Пострадавшими гражданами оказались Лёша Пацан с товарищами. Кто-то избил членов ОПТ расчётливо и беспощадно.
– Согласен, – сказал Вилли, – у нас культурная жизнь не совсем на подъёме. Есть, есть претензии по форме и существу, особенно что касается этих пацанских верлибров. Но зачем же писателей лупить? Я вот слышал, что и городской отлёживается. Эпидемия какая-то. Будто бродит по родной стране маньяк и дробит искусстве челюстно-лицевую область. Её этим не улучшишь.
– Всё-таки насчёт разноглазого…
– А ещё труп этот, – перебил Вилли. – Мы когда личность установили, натурально обомлели. Ведь такие версии возникают – прямо-таки опасные с политической точки зрения.
– Вилли, это ерунда.
– Но ты тогда промолчал.
– От страха, исключительно от страха. Ну и я ведь знал, что ты узнаешь.
– Да, на свою голову. – Вилли вздохнул. – Глупо подозревать тебя и Молодого в уголовном преступлении. Тем более, гм, убийстве. Потому что, даже если оккупационное руководство идёт на убийство, это будет не уголовное преступление, а государственная необходимость.
– Вилли…
– Упаси Господь сказать дурное слово про оккупацию. Мы люди бездуховные, но всё равно понимаем: геополитика там, империя… а то кто б ради собственного удовольствия попёрся нашу дыру, того, оккупировать… И всё-таки во всём, Разноглазый, должен быть порядок. У прокуратуры – кражи да разбой, у вас – судьбы Родины. А если под видом судеб писателей мордовать да косарям мозги выпускать на свежий воздух, то что начнётся? Я вроде как в уголовщине разбираться начну и с маху в судьбы сунусь, а вы, что тоже прискорбно, соскочите с судеб в самый банальный УПК.
– Вилли!
– Ну, я без намёка, – закивал Вилли. Его сияющий наглый взгляд что-то безостановочно искал в моём лице. Он не взирал в упор – даже для автовских следователей это было бы чересчур, в упор смотреть на разноглазого, – но, взглядывая мельком, искоса, с одного боку, с другого, позволял себе медлить, задумываться – и тогда быстрый цепкий взгляд превращался в долгий отрешённый.
– Если дело не заводили, может, он свидетелем где-нибудь проходил?
Вилли не стал отвечать, но смеясь и отмахиваясь уткнулся в свою писанину. Что, собственно, и было ответом.
– Вилли, ты из-за этой облавы сердишься?
С облавой вышла ожидаемая незадача. Бойцы Молодого и гвардейцы всю ночь прочёсывали улицы, шалманы и дома мирных граждан, а в улове у них оказались рвань, пьянь, вздумавший качать права фельдшер и пара портовых грузчиков, чьи рожи и строение черепов не понравились Молодому – который в качестве физиогномиста и френолога оскандалился ещё сильнее, чем в роли ответственного политика, отметелившего мимоходом литературных деятелей из ОПГ.

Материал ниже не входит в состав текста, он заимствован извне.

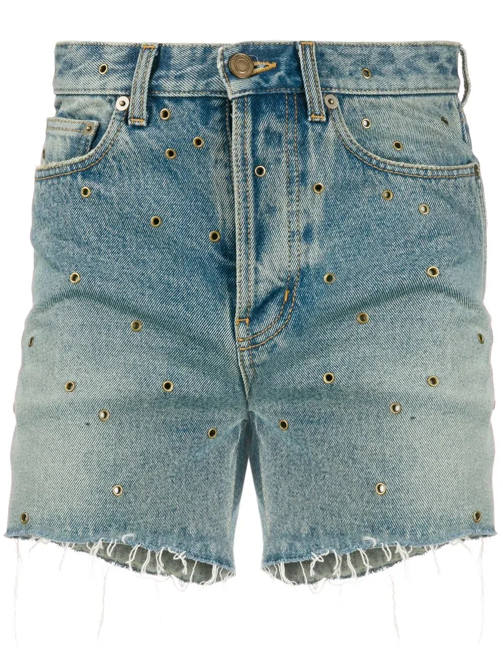 eyelet denim shorts Update your denim with these shorts from Saint Laurent. Crafted in light blue cotton, these frayed hem denim shorts are accented with eyelets. The key is in the detail. Featuring belt loops, a button fastening, a five pocket design and raw edges. Imported Composition Cotton 100% SIZE & FIT Model measurements Height 6 ft 2 in(1.88 m) Bust/Chest 36.61 in(93 cm) Hips 35.82 in(91 cm) Waist 27.95 in(71 cm) FittingInformation This piece fits true to size. We recommend you get your regular size Cut for a slim fit Made with a mid-weight non-stretch fabric Washing instructions Machine Wash

Обыватели сперва опешили, но, увидев, что жертв и разрушений нет, стали смеяться.
Здесь всё проходило по касательной, серьёзные притеснения и дурацкие выходки, и гражданин, что бы с ним ни сделали, только отряхивался и бежал дальше – если продолжали служить ноги. Автовские сами не знали, что нужно изобрести, чтобы по-настоящему их унизить, взбесить, спровоцировать, – и не стремились выяснять, подкоркой понимая, что широкий народный протест – сюрприз похлеще выборочных репрессий.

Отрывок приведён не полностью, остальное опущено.